[Items from a data source]
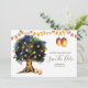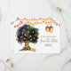 En underbar och livfull illustration med ett stort ekträd fyllt av falska lysande hängande lyktor och sladdbelysning mot en vit bakgrund. Dessa är idealiska för rustika landliga höst-, sommar-, vår- eller vinters "spara datum"-meddelanden. Dessa lyxiga och eleganta platta kort kommer att glädja dina gäster.
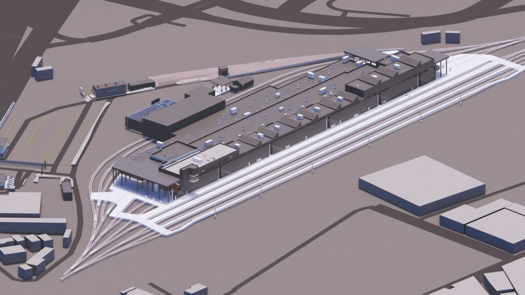Die neue, fast 5.600 Quadratmeter umfassende Anlage beinhaltet zwei Wartungsbuchten, Inspektionsgruben, Betankungsflächen und eine modernisierte zweigleisige Servicehalle. Außerdem werden neue Abstellgleise, Oberleitungsanlagen, Versorgungsleitungen und ein Bürobereich für den Rangierbetrieb errichtet.
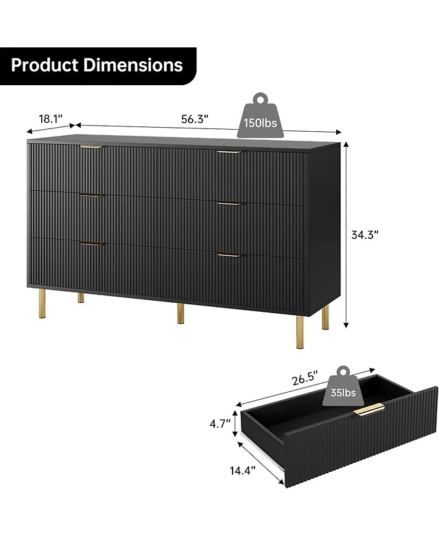 gaomon Modern 6-Drawer Dresser with Metal Handles, Wooden Storage Chest
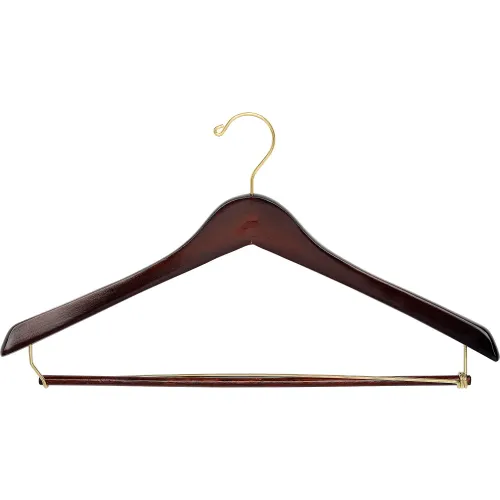 17" Wood Hanger for Men's Suit, Standard Hook, Walnut w/ Brass Hardware, 100/Case
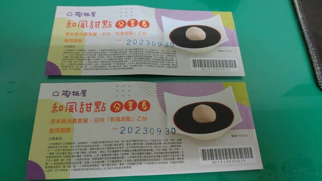 陶板屋和風甜點分享券兩張
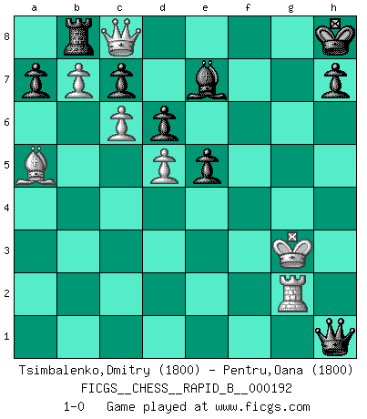 Last move : 1-0 2012 March 18 7:41:26 [Event "FICGS__CHESS__RAPID_B__000192"] [Site "FICGS"] [Date "2012.01.31"] [Round "1"] [White "Tsimbalenko,Dmitry"] [Black "Pentru,Oana"] [Result "1-0"] [WhiteElo "1800"] [BlackElo "1800"] 1.d4 Nf6 2.Nf3 g6 3.c4 Bg7 4.Nc3 O-O 5.e4 d6 6.Be2 e5 7.O-O Nc6 8.d5 Ne7 9.b4 Ne8 10.c5 f5 11.Nd2 Nf6 12.f3 f4 13.Nc4 Bd7 14.Ba3 Nc8 15.Qb3 b6 16.c6 Be8 17.b5 Kh8 18.Bb4 g5 19.a4 Bg6 20.a5 g4 21.axb6 Nxb6 22.Ra3 gxf3 23.Bxf3 Qb8 24.Ra6 Qd8 25.Qa2 Bh5 26.Ra1 Bxf3 27.gxf3 Nxc4 28.Qxc4 Rg8 29.Qf1 Bf8 30.Kh1 Nh5 31.b6 Qh4 32.Ne2 Ng3+ 33.Nxg3 fxg3 34.Qg2 gxh2 35.Qxh2 Qf6 36.Qh3 Qf4 37.b7 Rg3 38.Qh5 Rxf3 39.R6a2 Qxe4 40.Rg2 Rg3 41.Rag1 Rb8 42.Ba5 Rg7 43.Kh2 Qf4+ 44.Kh3 Rxg2 45.Rxg2 Qc1 46.Qg4 Qh1+ 47.Kg3 Be7 48.Qc8+ 1-0 King's Indian : East Indian defense Kingside Castling by player Black (move 4) Kingside Castling by player White (move 7) Player White won this chess game. Follow this game move after move (download)Chess mastery essentially consists of analyzing Chess positions accurately. (Mikhail Botvinnik) Die Elozahlen sind sehr schlecht für das Schach. Jetzt ist Schach eine Sportindustrie, die darauf zielt Elopunkte zu machen. (Miguel Najdorf) En la perfecta combinación de Ajedrez como en una historia corta de primera clase, toda la trama y contra trama deberá conducir hacia un final sorprendente, el interes no es mitigado hasta el último momento. (Yates and Winter) Tous ces prétendus hommes politiques sont les pions, les Cavaliers, les Tours ou les Fous d'une partie d'échecs qui se jouera tant qu'un hasard ne renversera pas l'échiquier. (Honoré de Balzac) Any activity becomes creative when the doer cares about doing it right or doing it better. (John Updike)
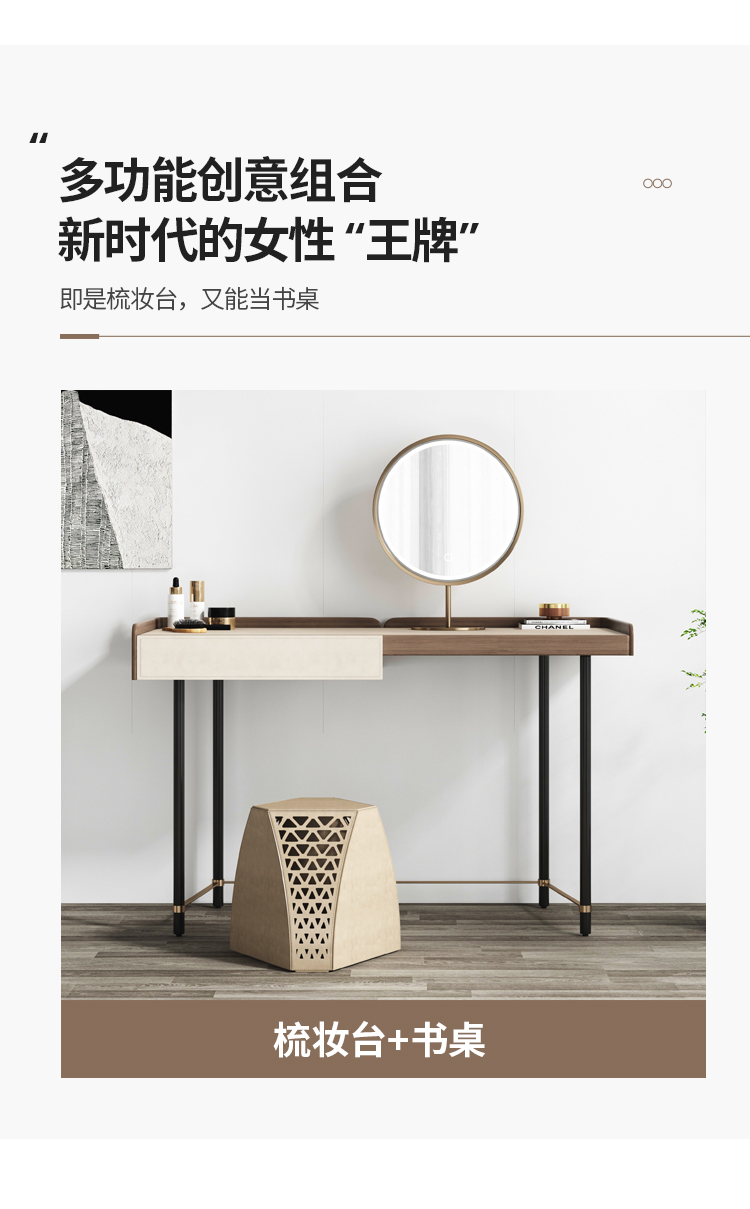 Bàn trang điểm da yên tối giản kiểu Ý 1m có gương trang điểm sáng bóng sang trọng hiện đại tối giản sáng tạo bàn trang điểm thiết kế sáng tạo
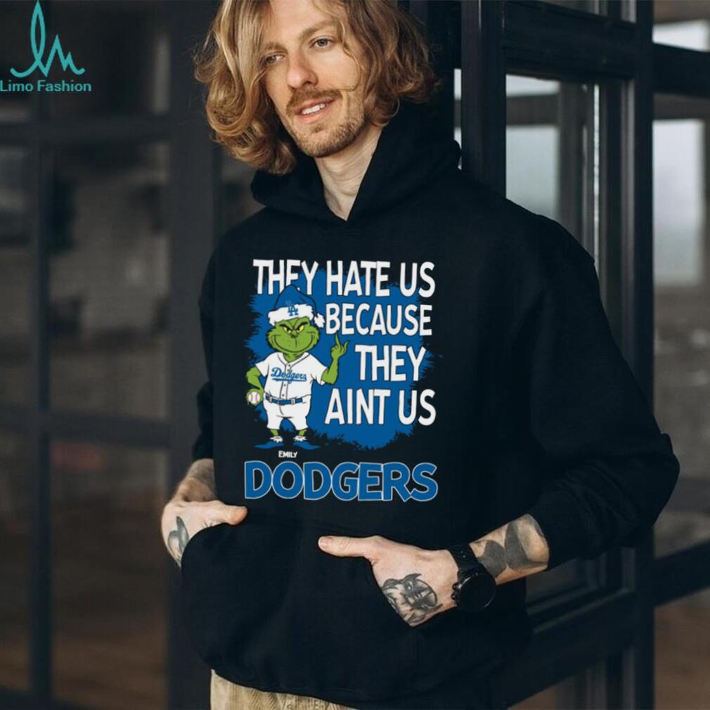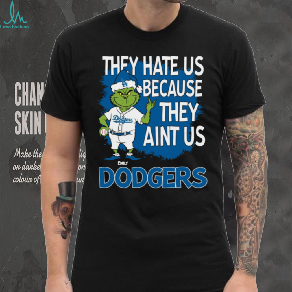 Personalized Los Angeles Dodgers Christmas Tee, Grinch Santa Baseball Shirt with Quote They Hate Us Ain’t Us, Funny MLB Gift
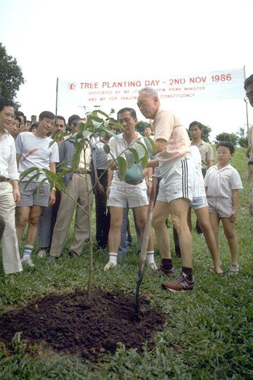PRIME MINISTER LEE KUAN YEW PARTICIPATING AT TREE PLANTING AT SPOTTISWOODE PARK DURING THE COMMEMORATION OF TREE PLANTING DAY
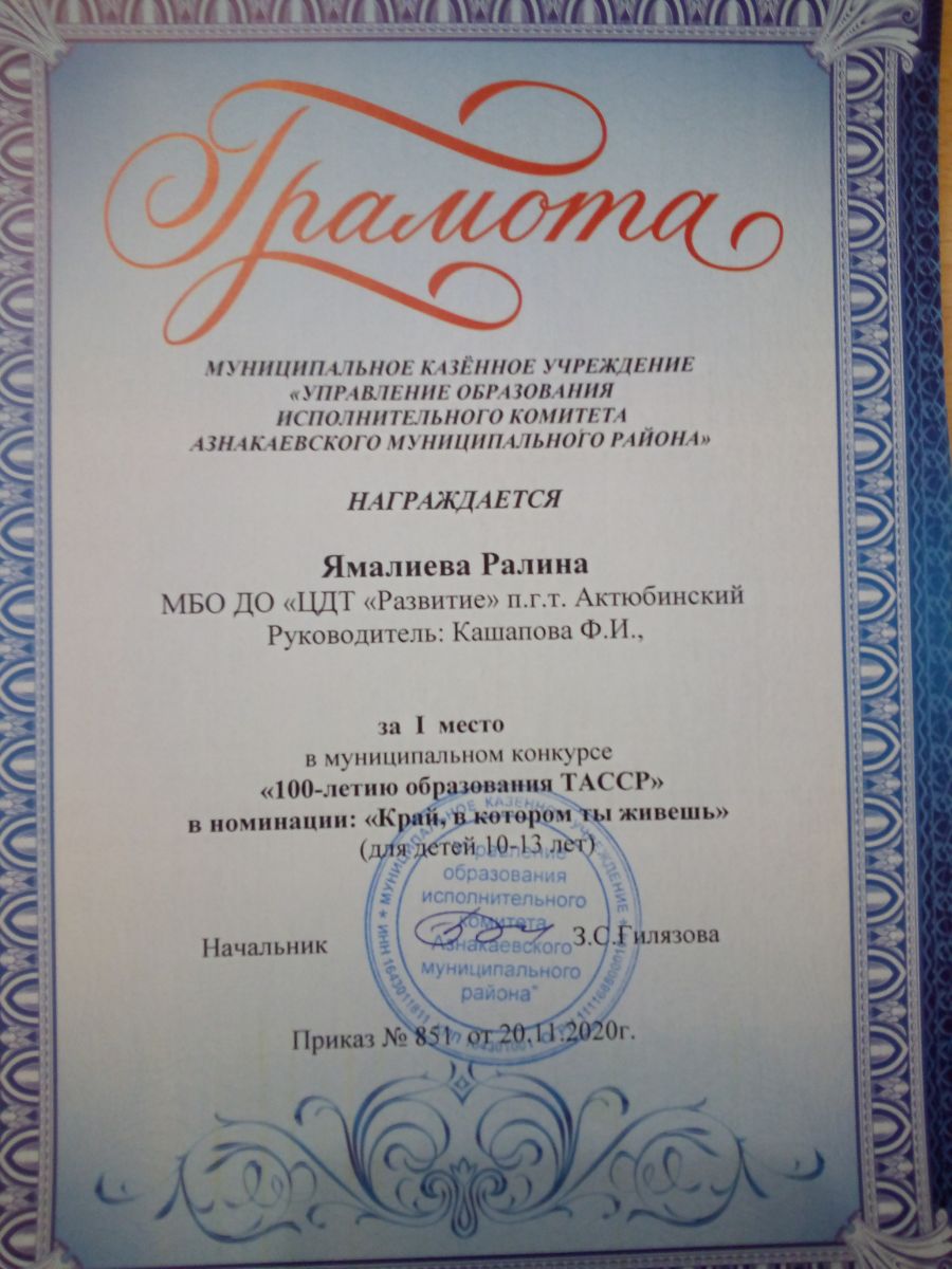 /Грамота за 1 место в конкурсе "100-летию ТАССР" участник Ямалиева Ралина рук. Кашапова Ф.И..jpg
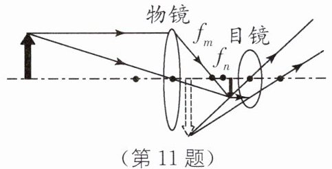 11. 为了观察太阳系内的各种行星,同学们在老师的指导下制作了开普勒望远镜,小滨制作的望远镜原理如图所示,该望远镜由两个凸透镜组成,物体经过两次折射成像.
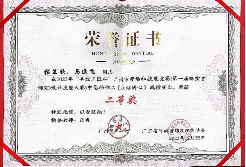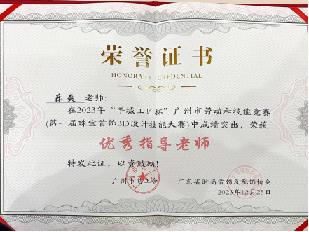 12月25日,我校艺术设计学院首饰设计与工艺专业学生张芷欣、马逸飞在2023年“羊城工匠杯”广州市劳动和技能竞赛(第一届珠宝首饰3D设计技能大赛)中荣获二等奖,指导老师乐爽被评为优秀指导老师。
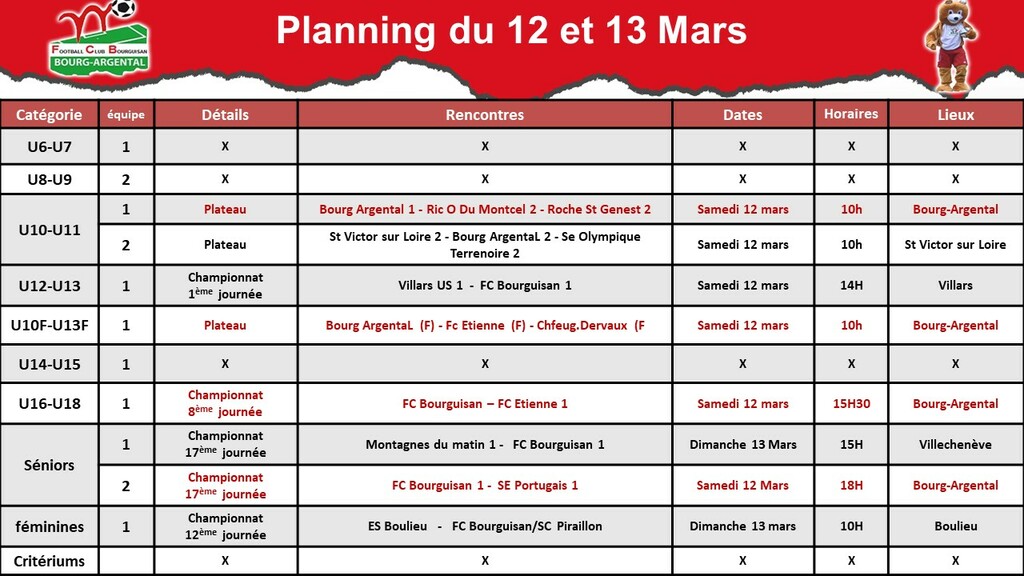 Vous trouverez dans l'imade Ă droite tous les matchs prĂ©vu ce week-end !Â
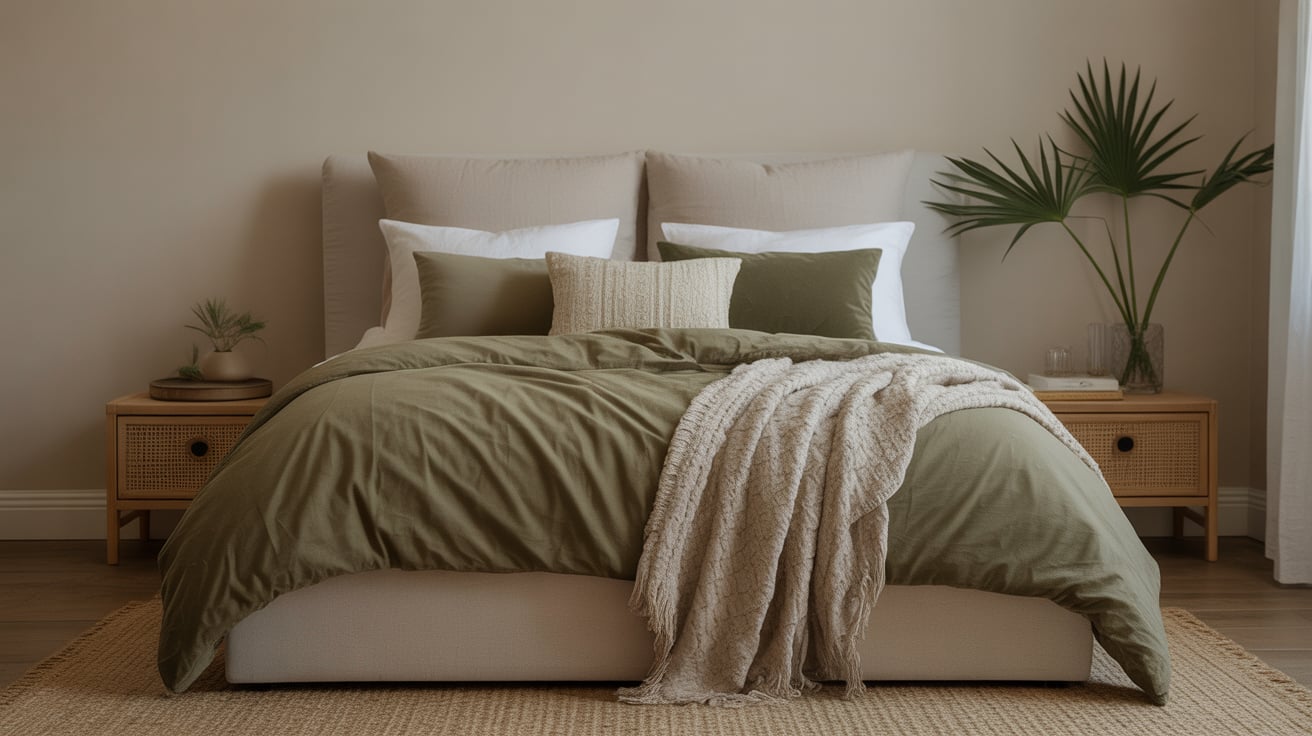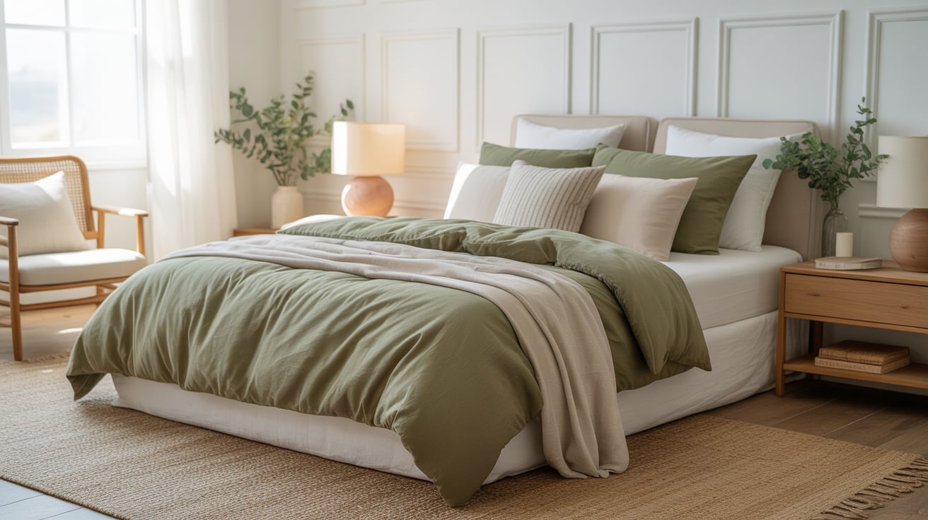 Layer olive green pillows and throws on neutral bedding to add warmth and texture. This allows flexibility if you want to change colors seasonally.

» **TASK TO CARRY OUT**:
The records above are to be restated word for word, with every picture left out.

» **RESPONSE TO THIS TASK**:
 En underbar och livfull illustration med ett stort ekträd fyllt av falska lysande hängande lyktor och sladdbelysning mot en vit bakgrund. Dessa är idealiska för rustika landliga höst-, sommar-, vår- eller vinters "spara datum"-meddelanden. Dessa lyxiga och eleganta platta kort kommer att glädja dina gäster.
Die neue, fast 5.600 Quadratmeter umfassende Anlage beinhaltet zwei Wartungsbuchten, Inspektionsgruben, Betankungsflächen und eine modernisierte zweigleisige Servicehalle. Außerdem werden neue Abstellgleise, Oberleitungsanlagen, Versorgungsleitungen und ein Bürobereich für den Rangierbetrieb errichtet.
 gaomon Modern 6-Drawer Dresser with Metal Handles, Wooden Storage Chest
 17" Wood Hanger for Men's Suit, Standard Hook, Walnut w/ Brass Hardware, 100/Case
 陶板屋和風甜點分享券兩張
 Last move : 1-0 2012 March 18 7:41:26 [Event "FICGS__CHESS__RAPID_B__000192"] [Site "FICGS"] [Date "2012.01.31"] [Round "1"] [White "Tsimbalenko,Dmitry"] [Black "Pentru,Oana"] [Result "1-0"] [WhiteElo "1800"] [BlackElo "1800"] 1.d4 Nf6 2.Nf3 g6 3.c4 Bg7 4.Nc3 O-O 5.e4 d6 6.Be2 e5 7.O-O Nc6 8.d5 Ne7 9.b4 Ne8 10.c5 f5 11.Nd2 Nf6 12.f3 f4 13.Nc4 Bd7 14.Ba3 Nc8 15.Qb3 b6 16.c6 Be8 17.b5 Kh8 18.Bb4 g5 19.a4 Bg6 20.a5 g4 21.axb6 Nxb6 22.Ra3 gxf3 23.Bxf3 Qb8 24.Ra6 Qd8 25.Qa2 Bh5 26.Ra1 Bxf3 27.gxf3 Nxc4 28.Qxc4 Rg8 29.Qf1 Bf8 30.Kh1 Nh5 31.b6 Qh4 32.Ne2 Ng3+ 33.Nxg3 fxg3 34.Qg2 gxh2 35.Qxh2 Qf6 36.Qh3 Qf4 37.b7 Rg3 38.Qh5 Rxf3 39.R6a2 Qxe4 40.Rg2 Rg3 41.Rag1 Rb8 42.Ba5 Rg7 43.Kh2 Qf4+ 44.Kh3 Rxg2 45.Rxg2 Qc1 46.Qg4 Qh1+ 47.Kg3 Be7 48.Qc8+ 1-0 King's Indian : East Indian defense Kingside Castling by player Black (move 4) Kingside Castling by player White (move 7) Player White won this chess game. Follow this game move after move (download)Chess mastery essentially consists of analyzing Chess positions accurately. (Mikhail Botvinnik) Die Elozahlen sind sehr schlecht für das Schach. Jetzt ist Schach eine Sportindustrie, die darauf zielt Elopunkte zu machen. (Miguel Najdorf) En la perfecta combinación de Ajedrez como en una historia corta de primera clase, toda la trama y contra trama deberá conducir hacia un final sorprendente, el interes no es mitigado hasta el último momento. (Yates and Winter) Tous ces prétendus hommes politiques sont les pions, les Cavaliers, les Tours ou les Fous d'une partie d'échecs qui se jouera tant qu'un hasard ne renversera pas l'échiquier. (Honoré de Balzac) Any activity becomes creative when the doer cares about doing it right or doing it better. (John Updike)
 Bàn trang điểm da yên tối giản kiểu Ý 1m có gương trang điểm sáng bóng sang trọng hiện đại tối giản sáng tạo bàn trang điểm thiết kế sáng tạo
 Personalized Los Angeles Dodgers Christmas Tee, Grinch Santa Baseball Shirt with Quote They Hate Us Ain’t Us, Funny MLB Gift
PRIME MINISTER LEE KUAN YEW PARTICIPATING AT TREE PLANTING AT SPOTTISWOODE PARK DURING THE COMMEMORATION OF TREE PLANTING DAY
 /Грамота за 1 место в конкурсе "100-летию ТАССР" участник Ямалиева Ралина рук. Кашапова Ф.И..jpg
 11. 为了观察太阳系内的各种行星,同学们在老师的指导下制作了开普勒望远镜,小滨制作的望远镜原理如图所示,该望远镜由两个凸透镜组成,物体经过两次折射成像.
 12月25日,我校艺术设计学院首饰设计与工艺专业学生张芷欣、马逸飞在2023年“羊城工匠杯”广州市劳动和技能竞赛(第一届珠宝首饰3D设计技能大赛)中荣获二等奖,指导老师乐爽被评为优秀指导老师。
 Vous trouverez dans l'imade Ă droite tous les matchs prĂ©vu ce week-end !Â
 Layer olive green pillows and throws on neutral bedding to add warmth and texture. This allows flexibility if you want to change colors seasonally.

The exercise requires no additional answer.